Doing a comic book that's invoking Woody Allen's style across mediums isn't going to win my support. This comic is unreadable in small screen, and the font doesn't look particularly nice in full view. Aside from Jackie-Oh not looking much like a stripper, it's a well done opening to a murder mystery. The genre expectations of Noir detective stories were met in the initial pages. The screen layouts were well done, with good work from the artist in making each panel increase readers interest the story for a nice cumulative effect. Case #108 would have been fine if it wasn't for the two detectives readers met on screen 3. Bow is instantly annoying in looks and dialogue which made the poor font even more horrid to look at. Arrow dressing like he's in a time warp ,with the phone to prove it, made me wonder just what era this story is set in anyway? The character designs make the unfunny jokes their spewing even worse. You can have detailed art in a comedy, but the jokes have to be funny. Humor is subjective, like everything else, but every joke/gag in this comic missed me. It is joke, after joke, after joke, in this comic -it doesn't stop. Another big problem is you have a story starring a comedy duo, but no straight man to play off of.
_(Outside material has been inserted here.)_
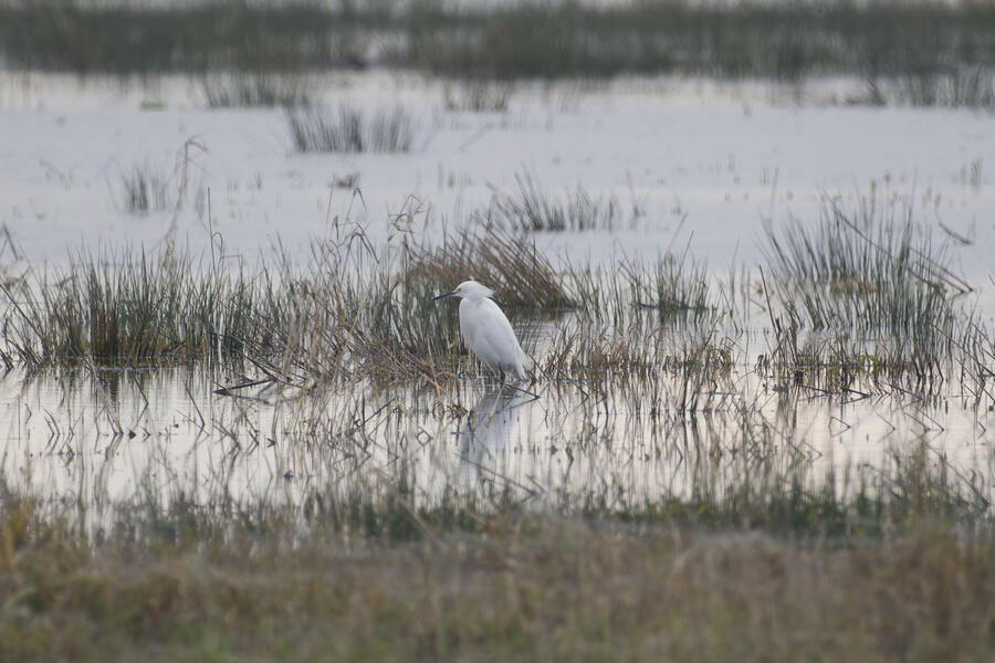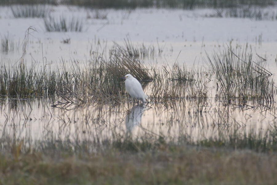 I also made a few trips out to look for more rare birds, and I was successful on one outing: I saw my lifer Snowy Egret! It was another gray overcast day, and down at the wetlands there was lots of standing water everywhere reflecting the nearly white sky. So it was nearly impossible to see the little white egret. Thanks to some folks who had already found it, I was able to get some photos and a look through my binoculars. The egrets and herons in the area are usually pretty flightly, so I didn't want to get very close to it, but it was still really cool to see such a rare visitor.

Arrow is too weird of a anachronism, and he has a touch of the Bugs Bunny about him. Bow's character design makes him stand out like a sore thumb in this comic, and I couldn't stand his various 'comic relief' lines. The coloring is very realistically proficient, but that's a problem with a comedy. The coloring (and screen layout) on screen 6 was very well done, the dead girl looked positively gruesome. It looked too much like a Noir true to its genre to be part of a comedy hybrid played for laughs with the 'death of 1o,000 paper cuts'. The duo's outfits and figures of speech really left me wondering just where in the hell where we? Everything but the two main characters says after the '60s. Arrow looks like a reporter stereotype from the '30s, and Bow makes Jesus Christ Superstar references. The reveal of the clues were handled well on screen 7, but then that gets wrecked by a sight gag on screen 8. The comic ends with Macarena lyrics being a key clue. I guess were somewhere in at least the '90s... It doesn't add up to being Absurdest humor, it's creator induced confusion. It's hard to laugh when you don't know what in the hell your reading.

Waiting for the big reveal that might not ever come

if it's same to assume readers might have a few big questions about your comic, it behooves you to if not answer them, then address them. The creators have mentioned how Arrow got together with Bow will be revealed in the future. It could be their is some big story arc/flashback that's going to lead into the reveal of that mystery. Problem is Jackie-Oh never thought to question why Arrow is with the comic side kick Bow. The reasons didn't have to be spelled out in the 8 screen admission, just a acknowledgment by the creators readers would have these questions about the story. Just going with the flow isn't too grabbing to readers, the origin of their partnership could have bridges the gaps between art and dialogue. Bow and Arrow also tried too hard to be funny, instead of dialogue that aided the story readers got the set-up to the next joke. Even the classic 'who's on first' routine gets old after a while, and their are some really old saw slapstick in this comic. Once you reach a certain level of realism in art madcap zaniness isn't possible. In a comic the art and story have to blend together for a great read, and that didn't happen here. Based on its current rank people do seem to enjoy the type of humor here, but I never could connect enough to care what happens next.